H matrix construction:
$${H}^{-1}={A}^{-1}+\left[\begin{array}{cc}0& 0\\ {}0& {G}^{-1}-{A}_{22}^{-1}\end{array}\right]$$
(3)
Where H is an inter-individual relational matrix using genome-wide markers and pedigrees, A is the pedigree-based relatedness matrix, G is the genome-based relationship matrix, and A22 is the individual genealogical relation matrix of sequencing individuals. The relative weights of G and A22 in the H matrix were set as Gω = 0.95 × G + 0.05 × A22 . The level of the G matrix was corrected to the A22 (matrix)

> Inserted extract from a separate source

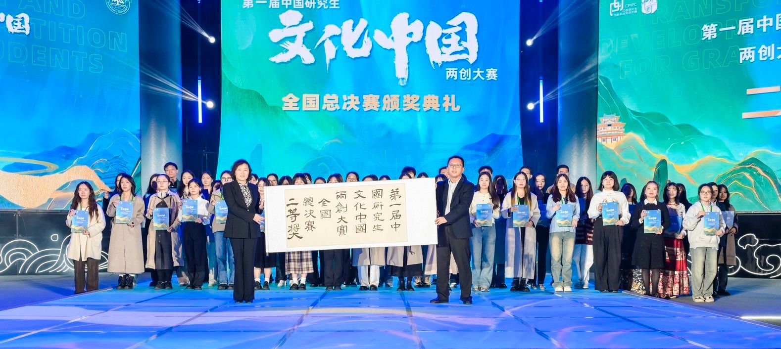 11月8日至10日,由教育部学位管理与研究生教育司指导,中国学位与研究生教育学会和中国科协青少年科技中心主办的第一届中国研究生“文化中国”两创大赛全国总决赛在山东大学中心校区举行,共有来自75所高校的198个作品晋级。经过激烈角逐,我院2023级中国古代文学专业研究生陈宇飞的参赛作品《八棱碑》,2023级现当代文学专业研究生谭晓倩的参赛作品《天火之舞》获全国二等奖。

$${G}^{\ast }=a+b\times G$$
(4)
G∗ represents the adjusted G matrix, and a and b are as follows:
$$\mathrm{Avg}\left(\operatorname{diag}(G)\right)\times b+a=\mathrm{Avg}\left(\operatorname{diag}\left({A}_{22}\right)\right)$$
(5)
$$\mathrm{Avg}\left(\mathrm{offdiag}(G)\right)\times b+a=\mathrm{Avg}\left(\mathrm{offdiag}\left({A}_{22}\right)\right)$$
(6)
The formula of the H matrix after merging is:
$${H}^{-1}={A}^{-1}+\left[\begin{array}{cc}0& 0\\ {}0& {\left[0.95\times \left(a+b\times G\right)+0.05\times {A}_{22}\right]}^{-1}-{A}_{22}^{-1}\end{array}\right]$$
(7)
The animal models of the two traits are as follows:
$$\left[\begin{array}{c}{y}_1\\ {}{y}_2\end{array}\right]=\left[\begin{array}{cc}{X}_1& 0\\ {}0& {X}_2\end{array}\right]\left[\begin{array}{c}{b}_1\\ {}{b}_2\end{array}\right]+\left[\begin{array}{cc}{Z}_1& 0\\ {}0& {Z}_2\end{array}\right]\left[\begin{array}{c}{\alpha}_1\\ {}{\alpha}_2\end{array}\right]+\left[\begin{array}{c}{e}_1\\ {}{e}_2\end{array}\right]$$
(8)
Where y, X, b, Z, α, and e are the same formula (2).
The genetic parameters of line W2 for egg production traits were calculated using the ssGBLUP model, and the heritability of the seven lines was estimated by the GBLUP model. GBLUP and ssGBLUP were calculated using ASReml v4.1 software [16].